There's the tyranny of the drugs. When Bonds, one of the greatest players in history -- drugs or no drugs -- uses steroids and gets significantly better, then players who are trying to compete with him have little choice but to use them, too. And when these mid-range major leaguers start using, then minor league players have no choice but to join in. And when all the minor leaguers are consuming the drugs, then ambitious high school players will feel compelled to use them.

Or maybe the problem with steroids is that baseball is a finely calibrated game in which the quality of the athletes, the sophistication of the equipment and the dimensions of the field have maintained a remarkable harmony over the years. Everything improves, yet the game remains the same. The batter gets stronger and faster at the same rate that the fielder gets stronger and faster, and, as if by miracle, down through the decades the ground ball well-fielded at deep shortstop always arrives an eyeblink before the runner at first base. Steroids have screwed with the calibration of the game. What once was the gold standard of home run hitting -- 60 in a season -- is now just another good year. Through more than a century of major league baseball, the 60-homer season has been achieved just eight times, six of them in the past six years.

Relax and enjoy, Canseco enthuses. "Home runs are fun and exciting . . . easy for even the most casual fan to appreciate."

Major League Baseball recently announced a new testing regimen. Some experts are skeptical that it will do much good. One of the most-abused substances, human growth hormone, doesn't show up on the tests. But what are the alternatives? We can take Canseco's medical advice, based on many years of reading bodybuilding magazines, and start injecting steroids ourselves. ("Steroids, used correctly, will not only make you stronger and sexier, they will also make you healthier.") Or baseball could begin a whole new record book (Volume 2: The Biotech Era).

That's about it for options. You can't move the fences back, because the change would eventually make the outfields too big for three men to patrol.

Bonds, thanks to his extraordinary burst of late-career home runs, is closing in on one of the most storied records still in the books: the 755 career homers of Henry Aaron. Instead of hyping the chase for the record, however, Commissioner Selig tiptoed around the subject during the off-season like a ballerina in a minefield. The less said, apparently, the better.

THE MONEY END OF BASEBALL USED TO BE SO SIMPLE.
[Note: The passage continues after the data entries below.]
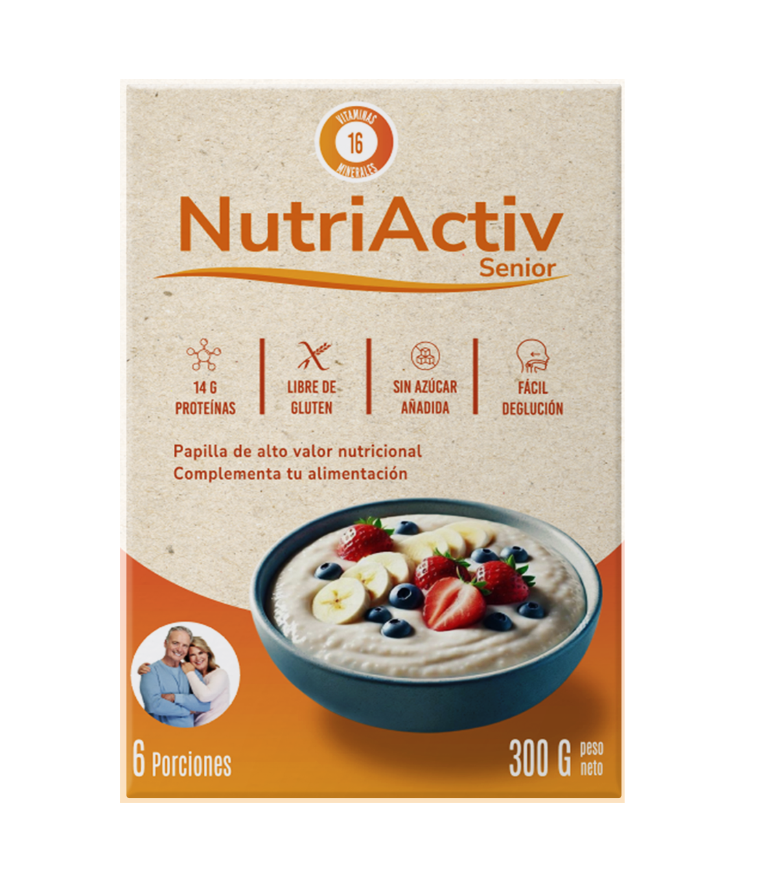 Nutriactiv de p&m foods es la papilla instantánea ideal para personas mayores o con requerimientos nutricionales especiales. sin gluten y con base vegetal, se disuelve en leche, bebida vegetal, yogurt o postres. aporta 400 calorías y 14 g de proteínas por porción, 16 vitaminas y minerales, fibra dietaria y aceite de chía con omega 3. ¡nutrición completa con delicioso sabor a plátano!
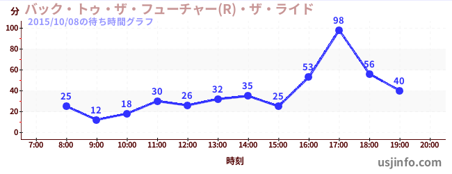 • バック・トゥ・ザ・フューチャー(R)・ザ・ライド$B$N(B2015年10月08日の待ち時間
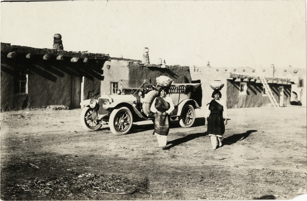 View of two American Indian girls, balancing vessels on their heads, posing in front of 1913 White car during a 1912 pathfinding tour from Denver, Colorado to Salt Lake City, Utah. Pueblos in background. Stamped on back: "Photo by N. Lazarnick." Handwritten on back: "White, 1913."
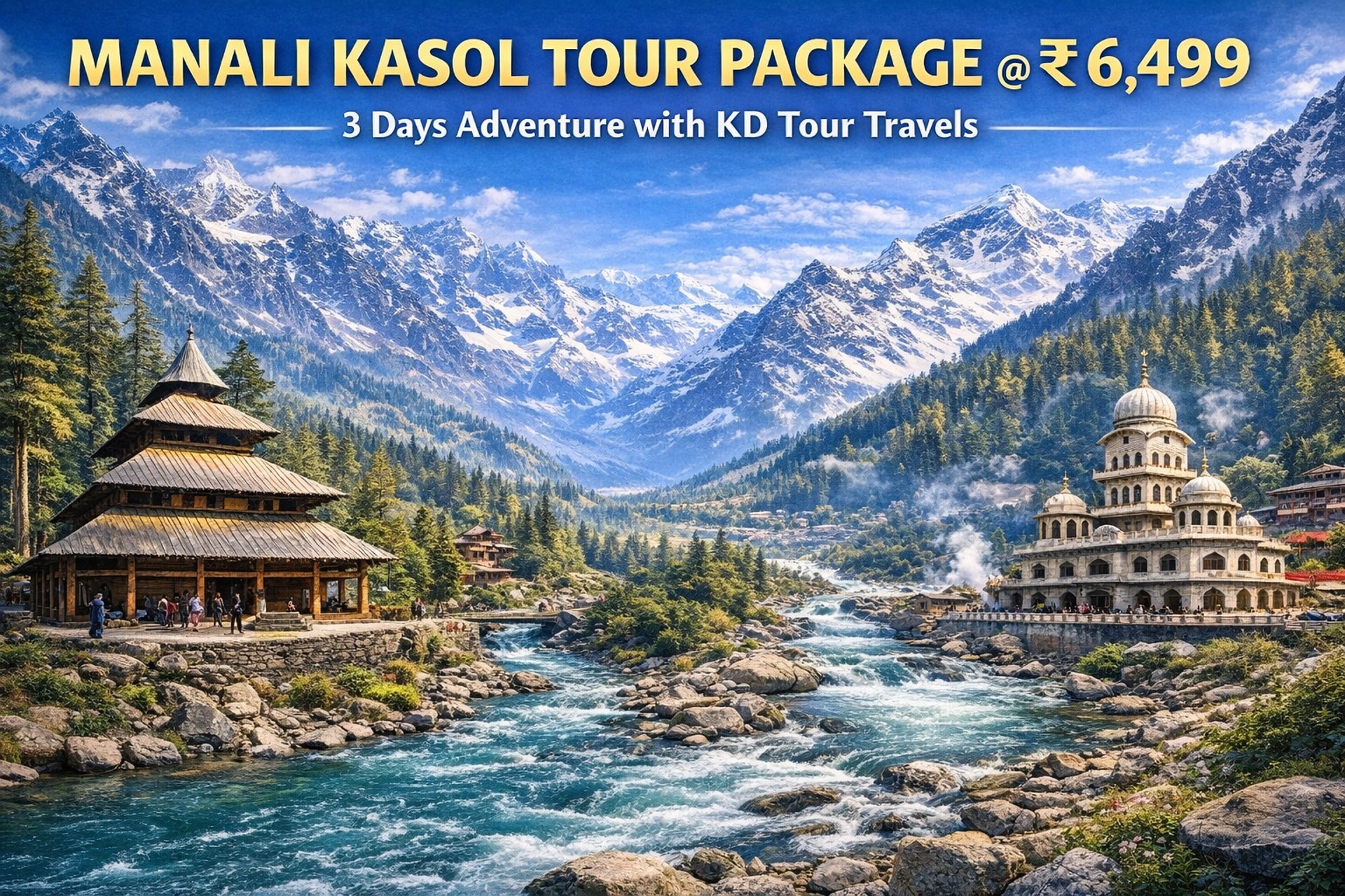 Looking for a budget-friendly Manali Kasol tour package that covers snow, mountains, adventure, and spirituality? KD Tour Travels brings you the perfect 3 Days Manali–Kasol Explore Tour at just ₹6,499 per person.

Back before the big cable TV deals, before the nouveau-retro stadiums with the tax-deductible luxury skyboxes, before the bobblehead dolls and the gourmet food courts, baseball revenue flowed mainly from tickets, junk food, soda and beer. A small piece of the pie went to players. The rest went into the owners' pockets.

Player salaries were predictable because the players were basically serfs -- beer-swilling, skirt-chasing serfs. They were vassals of the extraordinary power wielded by baseball's ownership cartel, which is exempt from the rules that govern the rest of us.

In 1922, an elderly Oliver Wendell Holmes Jr. declared, in one of the least-convincing Supreme Court decisions of the 20th century, that the interstate commerce clause does not apply to baseball. True, the teams went from state to state, and the wallets of the owners had begun to show a decidedly commercial bulge. "Exhibitions of base ball . . . are purely state affairs," Holmes wrote.

Liberated from federal antitrust laws, the owners were free to collude in ways that might make Mafia families blush. Every player, no matter how talented, was required to sign a "reserve" clause in his contract that had the potential to bind him to the same team forever.

Then came the union. Players discovered they could go on strike without jarring the planets from their courses.

In 1994, their strike scuttled the World Series. Not even Hitler and Tojo had halted the World Series.

Step by step and strike by strike, the players recast the business. They won free agency (the right to sell their services to the highest bidder). They won binding arbitration (the right to have a neutral party decide whether Mr. Owner's proposed raise is up to snuff).